2016 saw an increase in craft breweries producing craft lagers. Craft lagers are the latest beer trend and the one with perhaps the widest appeal. The lighter style is a welcome relief from the hop bombs with high alcohol that hit you over the head like Bamm Bamm’s club. And it’s great for craft brewers to be producing styles that your grandfather’s grandfather can enjoy. Craft lagers are also a way for restaurants, both chains and independents, to jump on the craft brew train and not alienate their customers. But, according to Uncorkd menu data, restaurants are missing out on this trend in a really big way. Let’s take a look at the numbers.
Drink by the Numbers
When it comes to American lagers, Uncorkd’s customers that fall into the full-service restaurant segment stock and sell far more lagers than their beer bar counterparts. Take a look at the average menu breakdown across all restaurants that use Uncorkd:
It’s clear that full-service restaurants put a lot of focus on American lagers. It makes sense, the highest selling beers in the world are macro produced lagers. There is a large market for lagers, and with many restaurants focusing on wine sales to pair with food and fuel their beverage sales, it stands to reason that restaurants would play it safe with beer selection and stick to lagers.
But let’s take a look at which beers restaurant customers are interested in.

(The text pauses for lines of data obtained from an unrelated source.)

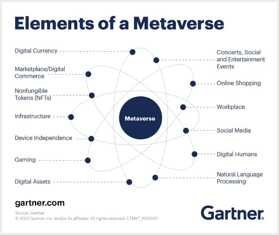 การ์ทเนอร์ให้นิยามของ Metaverse ว่าเป็นพื้นที่เสมือนจริงที่เปิดโอกาสให้กลุ่มคนที่มีความสนใจในเรื่องเดียวกันมาแบ่งปันใช้ร่วมกัน โดยสร้างขึ้นจากการผสมผสานความเป็นจริงทางกายภาพและดิจิทัลเข้าไว้ด้วยกันเพื่อมอบประสบการณ์ที่สมจริงยิ่งขึ้น ตลอดจนสามารถเข้าถึงผ่านอุปกรณ์ชิ้นเดียวหรืออุปกรณ์ชนิดอื่น ๆ ตั้งแต่แท็บเล็ตจนถึงจอแสดงผลแบบสวมศีรษะ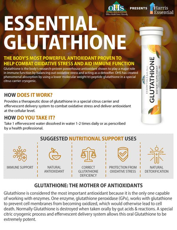 Contained within a special citrus carrier and effervescent delivery system, tri-peptide glutathione (glutamine, cysteine, and glycine) supports cell health and defends against the effects of aging.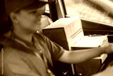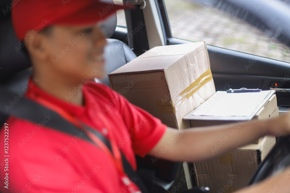 Selective Focus Of Deliveryman Driving To Delivering Package Box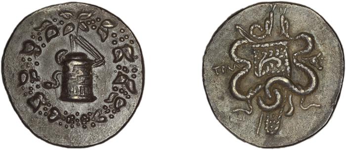 Basket (cista mystica) from which a snake emerges in a wreath of ivy -[en]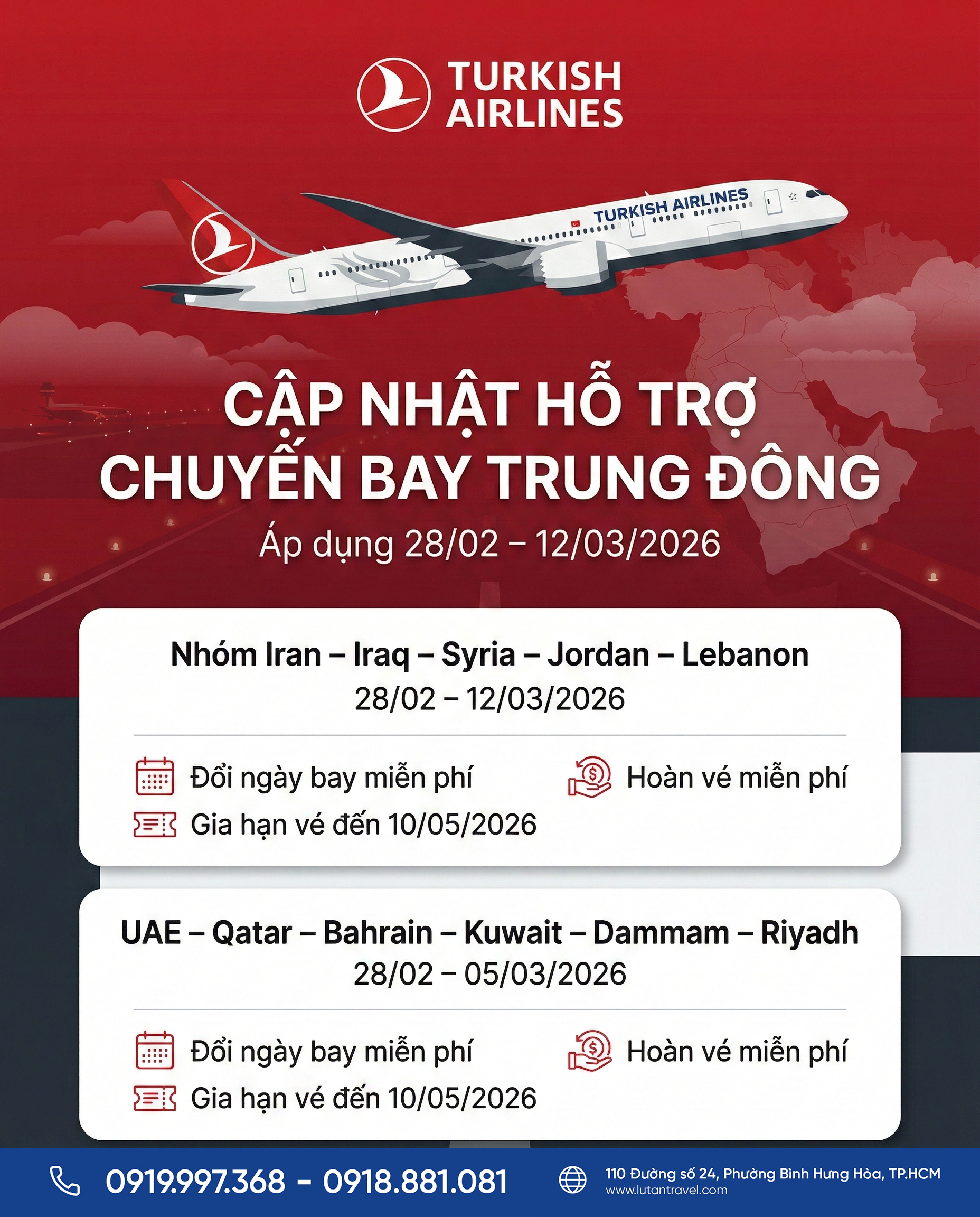 Trước tình hình bất ổn đang diễn ra tại khu vực Trung Đông, hãng hàng không quốc gia Thổ Nhĩ Kỳ – Turkish Airlines đã nhanh chóng triển khai chính sách hỗ trợ đặc biệt nhằm bảo vệ quyền lợi và đảm bảo an toàn cho hành khách. Chính sách này áp dụng cho các hành trình đi và đến các quốc gia trong khu vực bị ảnh hưởng, giúp hành khách chủ động thay đổi kế hoạch di chuyển một cách linh hoạt nhất.

It looks like restaurants might be playing it too safe when it comes to the number of menu placements they devote to American lagers. Pale Ales garner the most customer attention, which is hardly surprising. Not many pale ales are produced by big brewers like AB-Inbev though, so maybe restaurant customers across the board are more adventurous drinkers than restaurant operators give them credit for.
Let’s take a look at the break down between “micro” or craft lagers, or craft and “macro” lagers, or mass produced domestic lagers like Bud Light.

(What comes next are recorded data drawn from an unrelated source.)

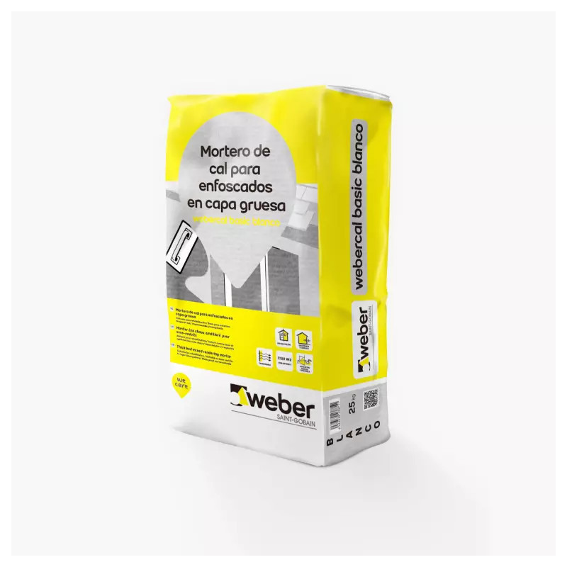 Webercal Basic de la marca WEBER es un mortero mineral de cal con conglomerantes hidráulicos, diseñado para la creación de enfoscados en capa gruesa. Este producto es ideal como base en soluciones bicapa, especialmente en combinaciones con revestimientos de acabado como revocos o estucos, ofreciendo versatilidad y alta calidad en proyectos de construcción y restauración. Es compatible con una amplia variedad de soportes, incluyendo hormigón, morteros de cemento y cal, ladrillos y bloques de hormigón.
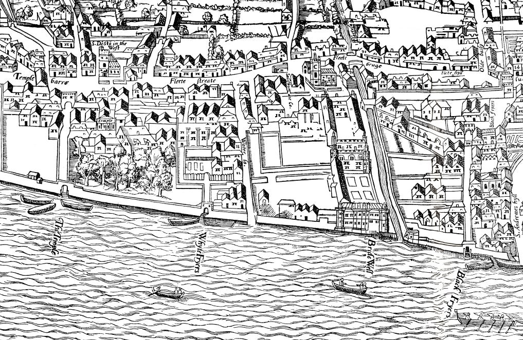 Of course the great rivals of the White Friars were the Black Friars who were Dominican and wore the black cappa. They moved their 1220s-founded priory at the top of Shoe Lane (modern Holborn Circus) a few hundred metres south to be between the tidal Thames and the west of Ludgate Hill in about 1276.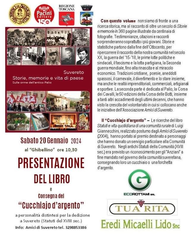 Sabato 20 Gennaio alle ore 10,30 presso il Ghibellino, l'associazione"Amici di Suvereto" presenta la pubblicazione "Suvereto. Storie, memorie e vita di paese", patrocinata da Comune di Suvereto e Regione Toscana.

WOAH! What gives restaurant bar managers and beverage directors? No love for the little guys?! That’s a pretty remarkable difference. 81.1% of the American lager menu placements are dedicated to macro brewed lagers. Less than a 1/5 of menu placements are craft brewers. This is the perfect area for restaurants capitalize on to stay with trends while not alienating their customer base.
Data Bites Take Away:
- For restaurants looking to modernize their beer offerings, the craft lager is a great place to start. You can convert macro drinkers into craft drinkers with the softest of sales pitches.

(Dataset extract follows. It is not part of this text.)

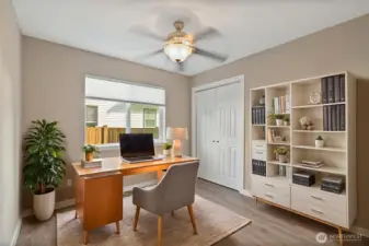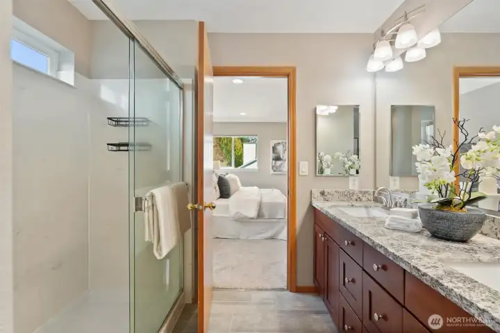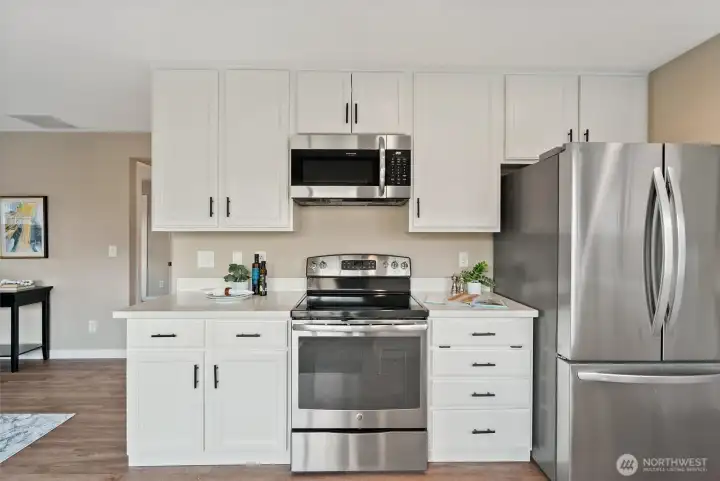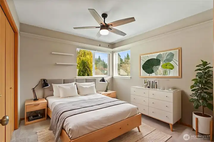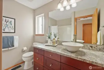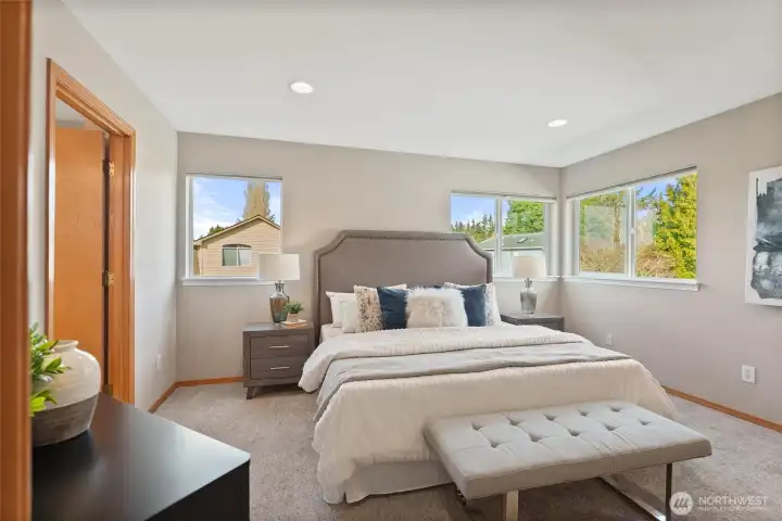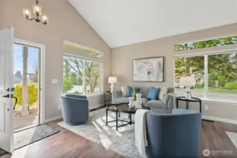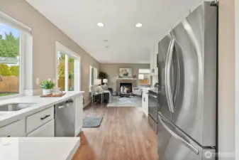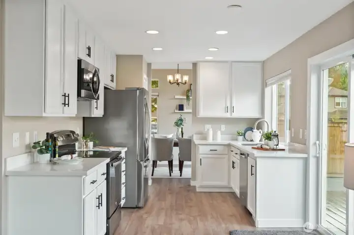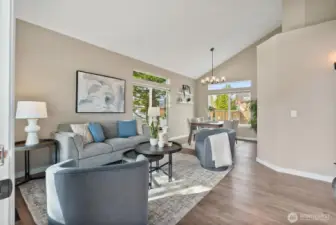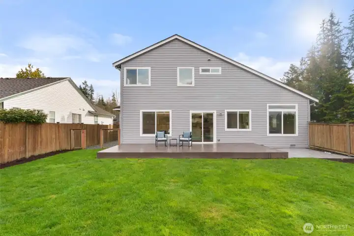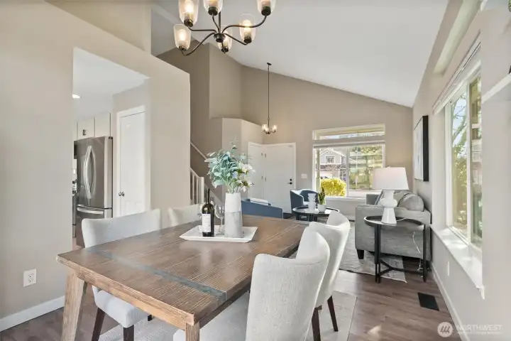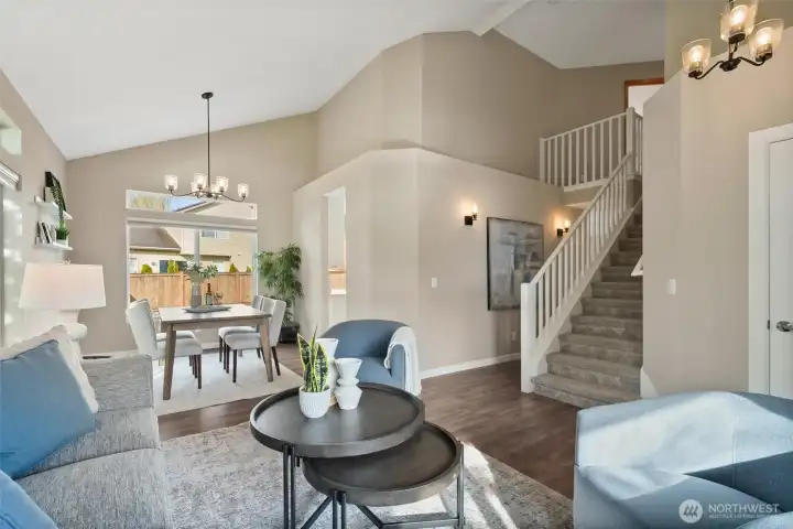 From the moment you step inside, soaring vaulted ceilings create a dramatic & inviting first impression. The formal living & dining rooms offer the perfect setting for entertaining guests or hosting memorable gatherings, while luxury vinyl plank flooring flows seamlessly throughout the main floor. The kitchen is thoughtfully updated w/ quartz countertops, crisp white cabinetry, stainless steel appliances & a pantry for plenty of storage. This is open to the family room w/ a cozy gas fireplace. Just off the kitchen, a Trex deck extends your living outdoors — overlooking a flat, fully fenced backyard ideal for summer barbecues, play space, or simply unwinding at the end of the day. The main floor bedroom offers flexibility for today’s lifestyle — perfect as a private home office, guest suite, or multi-generational living option. Upstairs, you’ll find three additional bedrooms highlighted by a spacious primary retreat featuring double sinks, a walk-in closet, & a well-appointed 3/4 bath — creating a comfortable sanctuary to start & end your day. Location matters — and this one delivers. Enjoy the convenience of being within walking distance to Forest View Elementary School & the award-winning Gateway Middle School. The Silver Firs community itself is known for miles of sidewalks, beautiful parks, sports fields and sports courts that encourage an active & connected lifestyle. This is more than a home — it’s an opportunity to live in a community people move to & rarely leave.

- You can start building a stronger relationship with local brewers, which will give you access to limited releases, partnership and marketing opportunities, and a wider appeal to younger drinkers who are stingy with their dining dollars.
- Craft lagers sell at a higher price point, which is great for your server’s check averages
- This is also a great place for craft brewers who are looking to build on years of growth and fortify their brewing operations against the inevitable bubble bursting.